Glossary: Lossless Terms
This page uses several runtime terms in close proximity; the definitions below keep the sequence clear:
| Term | Meaning |
|---|---|
Session | One sender-receiver agreement started by runtime control messages, represented by a session identifier (session_id). |
Chunk | A contiguous slice of payload data taken from the application stream before coding. |
Block | A set of chunks grouped together for scheduling and manifest negotiation in one lossless transfer unit. |
Symbol | The FEC encoded unit produced inside a block; symbols are what get tracked by symbols_per_block and sent with symbol-level ACK/state. |
Manifest | Metadata advertised at session start, including chosen coding mode and expected reconstruction expectations. |
FEC (fec_*) | Forward error correction runtime knobs on the sender side that control symbol sizing, block structure, and routing constraints. |
flowchart LR
AppData["Application payload bytes"]
Chunk["Chunk (chunk_size)"]
Block["Block (session chunk grouping)"]
Symbol["FEC Symbol"]
Session["Lossless Session"]
AppData --> Chunk
Chunk --> Block
Block --> Symbol
Symbol --> SessionFields
| Field | Default | Description |
|---|---|---|
default_chunk_size | 8500 | Default payload chunk size in bytes. |
data_bucket | None | Optional token bucket for data pacing. |
ready_grace_ms | 1500 | Grace window (ms) before the sender starts streaming when not all receivers have reported Ready. |
fec_tree_lane_depth | 32 | Per-tree sender lane depth for collaborative FEC dispatch. |
fec_dispatch_burst | 1 | Max FEC symbols dispatched per sender scheduling cycle. |
fec_max_tree_lanes | 64 | Max allowed fec_tree_ids length at runtime preflight. |
fec_collaborative_multitree_enabled | true | On/off gate for collaborative multi-tree FEC mode. |
fec_enabled | false | Global enable switch for FEC sessions (opt-in by default). |
fec_require_capability | true | Reject FEC sessions unless receiver capability negotiation is present. |
fec_default_symbols_per_block | 32 | Runtime-derived default FecManifest.symbols_per_block before preflight. |
fec_symbol_size_policy | "chunk_size" | Default symbol-size policy: chunk_size follows session chunk_size, fixed uses fec_default_symbol_size. |
fec_default_symbol_size | 8500 | Fixed default FecManifest.symbol_size when fec_symbol_size_policy="fixed". |
fec_tree_ids_source | "config" | Source for internal sender tree-id allowlist (config or installed_routes). |
fec_default_tree_ids | [0] | Config fallback tree-id allowlist used when fec_tree_ids_source="config". |
fec_symbols_per_block_min | 1 | Lower bound enforced at runtime for FEC symbols-per-block. |
fec_symbols_per_block_max | 1024 | Upper bound enforced at runtime for FEC symbols-per-block. |
fec_symbol_size_min | 1 | Lower bound enforced at runtime for FEC symbol size. |
fec_symbol_size_max | 16384 | Upper bound enforced at runtime for FEC symbol size. |
FEC Runtime-Derived Defaults
At startup, the sender runtime derives symbols_per_block from fec_default_symbols_per_block and then canonicalizes it into the [fec_symbols_per_block_min, fec_symbols_per_block_max] range.

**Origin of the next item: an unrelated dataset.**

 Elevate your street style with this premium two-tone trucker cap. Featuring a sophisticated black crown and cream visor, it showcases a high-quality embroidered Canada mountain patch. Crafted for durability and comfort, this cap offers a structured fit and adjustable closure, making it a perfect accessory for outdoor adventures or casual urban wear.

It also derives the symbol size from fec_symbol_size_policy: with chunk_size, each session follows its own chunk_size, while fixed uses fec_default_symbol_size. Tree IDs flow from fec_tree_ids_source and fec_default_tree_ids, then become a sorted unique set before sender preflight. For Python callers, there are no per-session FEC overrides; the runtime config values remain authoritative.
TokenBucketSpec Fields
| Field | Description |
|---|---|
rate | Pacing rate in bytes per second. |
bucket_size | Token bucket size in bytes. |
Session Coordination
Session coordination uses deterministic session IDs derived from flow metadata (controller-assigned flows) or (group_id, source_node_id) for Python multicast helpers. Receivers must be registered before send; if no receiver is active for a session, inbound frames are dropped.
Multi-Tree FEC Contract
This contract defines sender-side tree selection for collaborative multi-tree FEC scheduling and supersedes the older hash-based assignment model.
Tree-ID Set Invariants
Multi-tree sessions are driven by a runtime-resolved fec_tree_ids allowlist, and that list is canonicalized into sorted, unique tree IDs before use. Packet emission is constrained to the IDs in this list. In practice, multi-tree mode requires at least two IDs, while single-tree operation is only valid when it is explicitly configured and therefore contains exactly one tree ID. An empty fec_tree_ids set is always rejected.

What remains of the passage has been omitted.